The novelist Anthony Trollope understood this, when
he wrote:
The
real disgrace of England is the railway sandwich - that whited sepulchre, fair
enough outside, but so meagre, poor, and spiritless within, such a thing of
shreds and parings, with a dab of food.
I know that many of you miss the
daily quotation which used to be appended to the bottom of every post. I know
because I still get emails of mild complaint. I may return to the habit, but it
was taking longer to find an un-used quotation than it was to write a post, and
something had to give. Railway food, and particularly railway sandwiches are,
however, an irresistible subject for pithy quotes, so I give you a few choice examples
below.

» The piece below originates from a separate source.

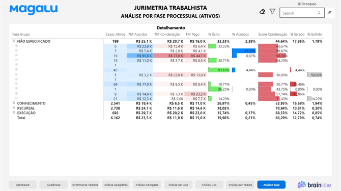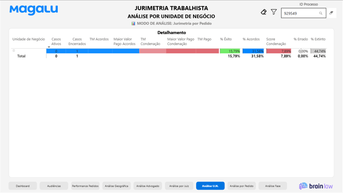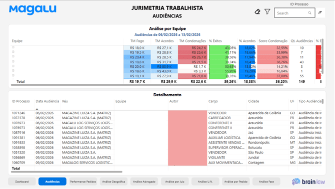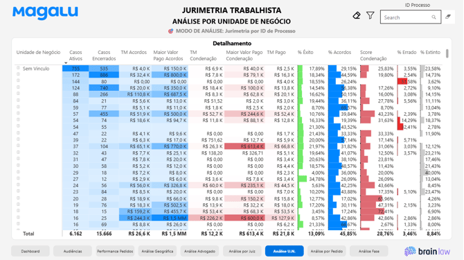 Essa visão apresenta o desempenho trabalhista de cada unidade de negócio, permitindo identificar unidades com maior risco, maior volume de processos e piores resultados defensivos. A análise apoia a priorização de auditorias, treinamentos e alocação de recursos jurídicos e de RH.

They seem to indicate rather strongly that the American railway sandwich
is also not prized by travelers, nor is the Canadian.

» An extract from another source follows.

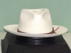 Stetsons Brentwood is a lightweight vented Shantung straw suitable for all kinds of everyday casual uses. It features a 3″ brim, 4″ Gambler style crown, leather hatband and a soft and comfortable cloth sweatband. Please note that the venting on these hats has a tendency to be wavy and uneven.

The apples of Sodom, which are generally understood to have
been in reality railway
sandwiches ... (Pearson’s
Magazine, Britain, 1898)
At Springfield, yesterday, Representative Mitchell introduced
a bill “defining sleeping cars as hotels.” He should introduce another “defining railway sandwiches as paving material.”
Railroad Digest, Vol. 3 (U.S.A. 1893)
The Romans had not always been careful to remove the sandals
from the feet of their captives, and these had been as hard for the dragon to
digest as railway
sandwiches are
for us. (John L. Stoddard’s Lectures,
1899.)
The
railway sandwich Mr. McGee said, could be used as an example of a plot to drive
away rail passengers. “These sandwiches consist of two pieces of bread ingeniously
designed to turn into lumps of lead after they have been swallowed, filled with
a microscopic film of what appears to be lard, but what is probably uncolored
margarine.” An example of the sandwich situation was “a piece of the most tired
cheese it has ever been my misfortune to consume.” One could have ham instead,
but these sandwiches were “about as pleasurable and delightful to eat as an old
piece of shoe leather. (Ottawa, House of
Commons, May 19, 1961)
I
was inspired, if that is not too lofty a word, to make railway food a topic for
today’s post by the following little recipe. I assume, because it is a small
pudding, that it was not an item to be purchased at a railway station café, but
was made at home in preparation for the journey, to enable that little ordeal
to be avoided.
Railway
Puddings (Ireland.)
Required,
two ounces of butter beaten with a teacupful of flour; add a teacupful of
castor sugar, a small tablespoonful of baking powder, half a teacupful of milk,
and one egg. Bake fifteen to twenty minutes on two flat tins. Spread with jam
and fold over.
Pot-luck,
or The British home cookery book (1915.)
1 comment:
You should see the ones they sell in Buenos Aires! They are alive!